◆ What to produce: Restate each line of the listing exactly, without carrying over any pictures.

◆ Material provided:

**********

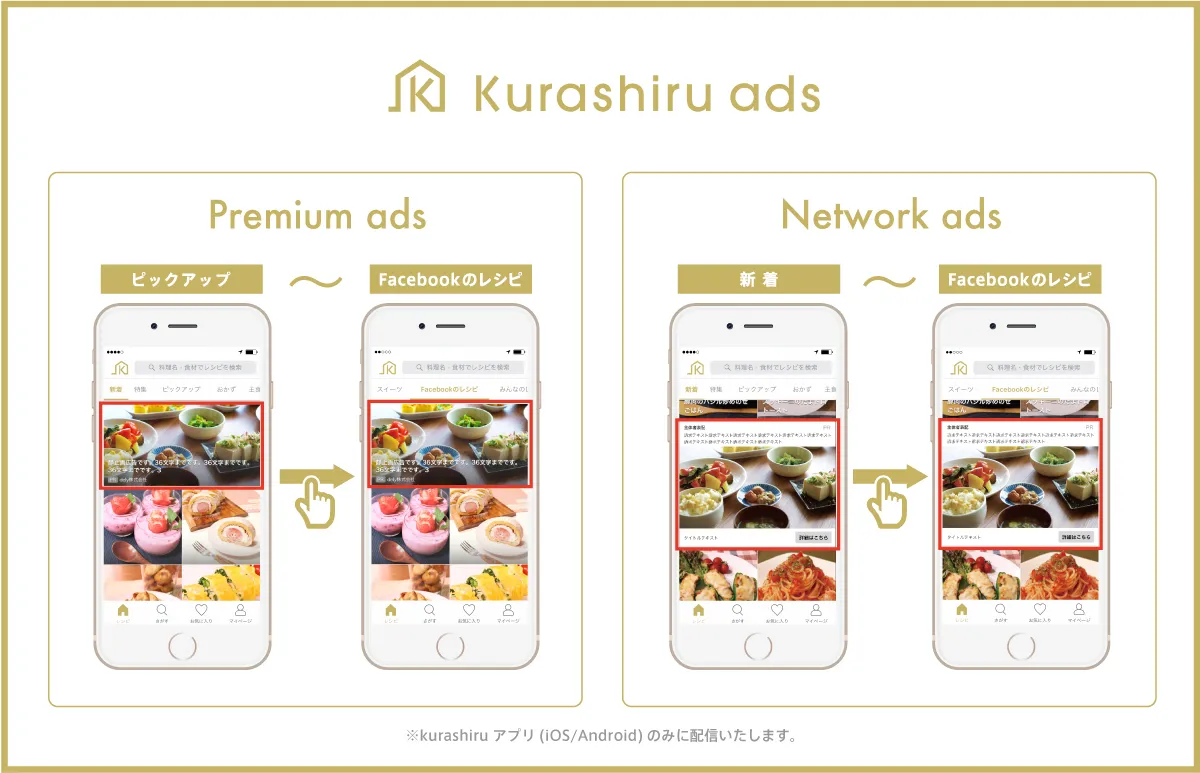 kurashiru adsでは、クラシルの広告掲載領域の最上部に配信できる「Premium Ads」(純広告)、インフィード型の広告メニュー「Network Ads」(運用型広告)の2種類を提供いたします。いずれも動画・静止画ともに配信可能となっております。
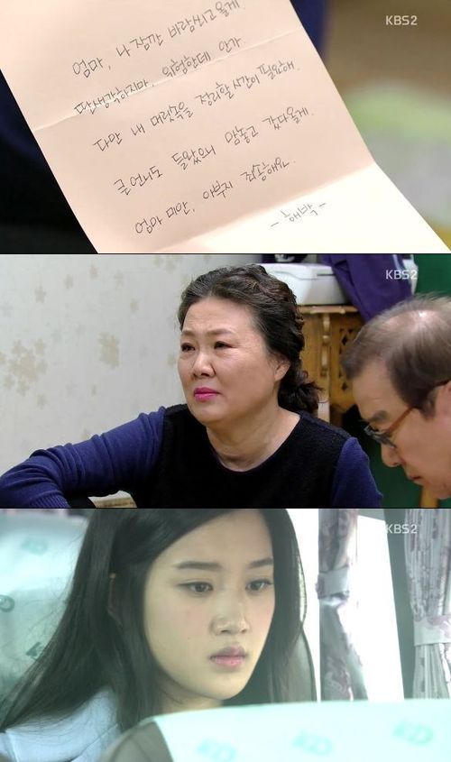이날 이앙금(김해숙 분)은 부엌에서 편지 하나를 발견했다. 그 편지는 해박이 쓴 것으로, '나 잠시 바람 쐬고 올게. 위험한 데 가는 것 아냐. 걱정하지 마'라는 글이 담겨 있었다.
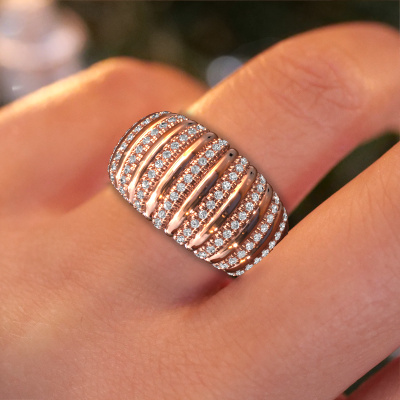 This is a stunning wide rose gold Dawn 12mm ring. It is set with lab grown diamond. A designer ring, fit for classy women. The ring is designed by our own expert goldsmiths. In our artisan studio, we use a combination of the latest techniques and ancient traditional craftsmanship, so we are able to create a perfectly designed ring. Our expert goldsmiths strive for perfection so they won't stop until a perfect ring, a true work of art, is created. A unique ring which matches your own style. The wide Dawn 12mm ring, as shown here, can be customized to your liking. Our online tool offers many different options but please feel free to contact us if you want changes made to your Dawn 12mm ring, which are unavailable in our online tool.By using a combination of the latest modern techniques, combined with ancient crafting, we can make all our rings in our own studio. Each jewel is made to order. This is advantageous because we can offer you a price you won't find anywhere else.To make it easier for you, we offer a 30 day return policy. Check our terms and conditions.

**********

◆ Completed task:
 kurashiru adsでは、クラシルの広告掲載領域の最上部に配信できる「Premium Ads」(純広告)、インフィード型の広告メニュー「Network Ads」(運用型広告)の2種類を提供いたします。いずれも動画・静止画ともに配信可能となっております。
이날 이앙금(김해숙 분)은 부엌에서 편지 하나를 발견했다. 그 편지는 해박이 쓴 것으로, '나 잠시 바람 쐬고 올게. 위험한 데 가는 것 아냐. 걱정하지 마'라는 글이 담겨 있었다.
 This is a stunning wide rose gold Dawn 12mm ring. It is set with lab grown diamond. A designer ring, fit for classy women. The ring is designed by our own expert goldsmiths. In our artisan studio, we use a combination of the latest techniques and ancient traditional craftsmanship, so we are able to create a perfectly designed ring. Our expert goldsmiths strive for perfection so they won't stop until a perfect ring, a true work of art, is created. A unique ring which matches your own style. The wide Dawn 12mm ring, as shown here, can be customized to your liking. Our online tool offers many different options but please feel free to contact us if you want changes made to your Dawn 12mm ring, which are unavailable in our online tool.By using a combination of the latest modern techniques, combined with ancient crafting, we can make all our rings in our own studio. Each jewel is made to order. This is advantageous because we can offer you a price you won't find anywhere else.To make it easier for you, we offer a 30 day return policy. Check our terms and conditions.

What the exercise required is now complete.